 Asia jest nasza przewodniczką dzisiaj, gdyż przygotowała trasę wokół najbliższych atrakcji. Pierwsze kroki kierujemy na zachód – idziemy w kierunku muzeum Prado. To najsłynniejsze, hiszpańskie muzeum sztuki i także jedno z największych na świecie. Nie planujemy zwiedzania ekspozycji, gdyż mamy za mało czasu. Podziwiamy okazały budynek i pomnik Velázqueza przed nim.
###
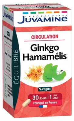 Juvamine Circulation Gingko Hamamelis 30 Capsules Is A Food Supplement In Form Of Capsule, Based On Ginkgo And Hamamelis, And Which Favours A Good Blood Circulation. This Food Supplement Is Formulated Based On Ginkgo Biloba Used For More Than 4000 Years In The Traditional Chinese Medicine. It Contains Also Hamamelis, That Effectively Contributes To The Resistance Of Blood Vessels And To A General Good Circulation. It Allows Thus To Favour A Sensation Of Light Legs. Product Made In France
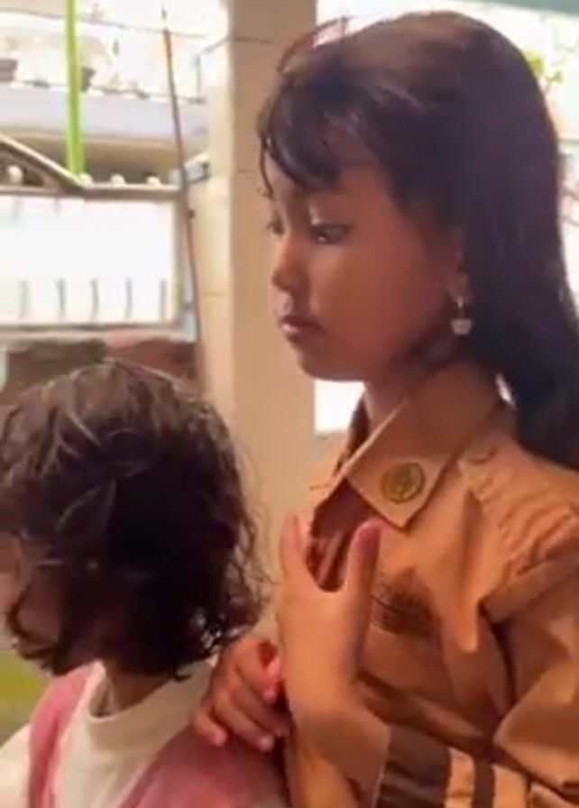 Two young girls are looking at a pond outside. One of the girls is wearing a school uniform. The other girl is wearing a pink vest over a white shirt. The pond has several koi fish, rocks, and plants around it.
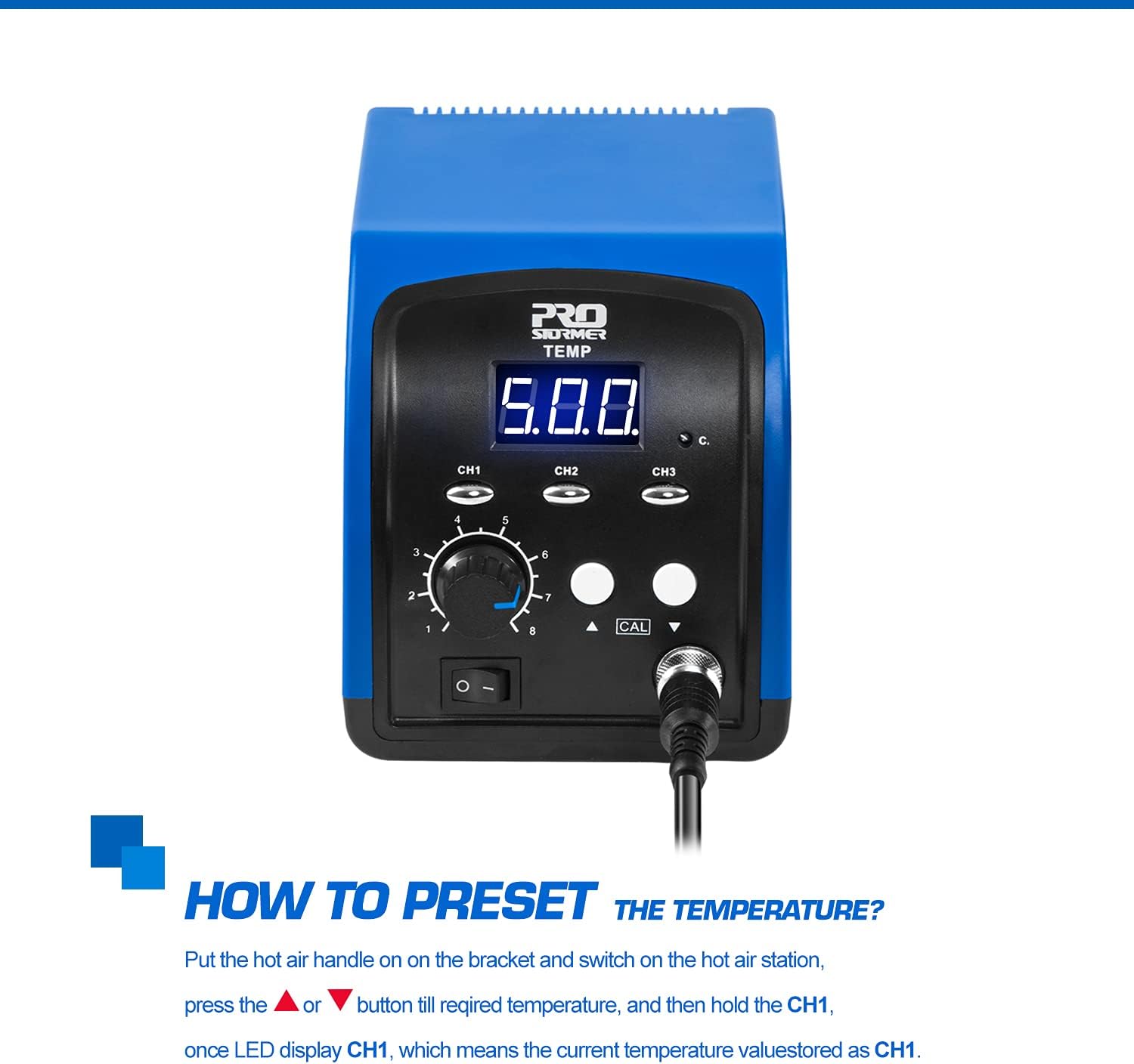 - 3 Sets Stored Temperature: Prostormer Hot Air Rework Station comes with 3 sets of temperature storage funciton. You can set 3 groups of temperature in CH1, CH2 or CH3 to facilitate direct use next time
###
• **WORK INSTRUCTIONS**
Would you give again, exactly, the lines in the data above that run from the line containing "Two young girls" to the line containing "- 3 Sets Stored"? Include both ends and no pictures.

• **WRITTEN RESPONSE**
 Two young girls are looking at a pond outside. One of the girls is wearing a school uniform. The other girl is wearing a pink vest over a white shirt. The pond has several koi fish, rocks, and plants around it.
 - 3 Sets Stored Temperature: Prostormer Hot Air Rework Station comes with 3 sets of temperature storage funciton. You can set 3 groups of temperature in CH1, CH2 or CH3 to facilitate direct use next time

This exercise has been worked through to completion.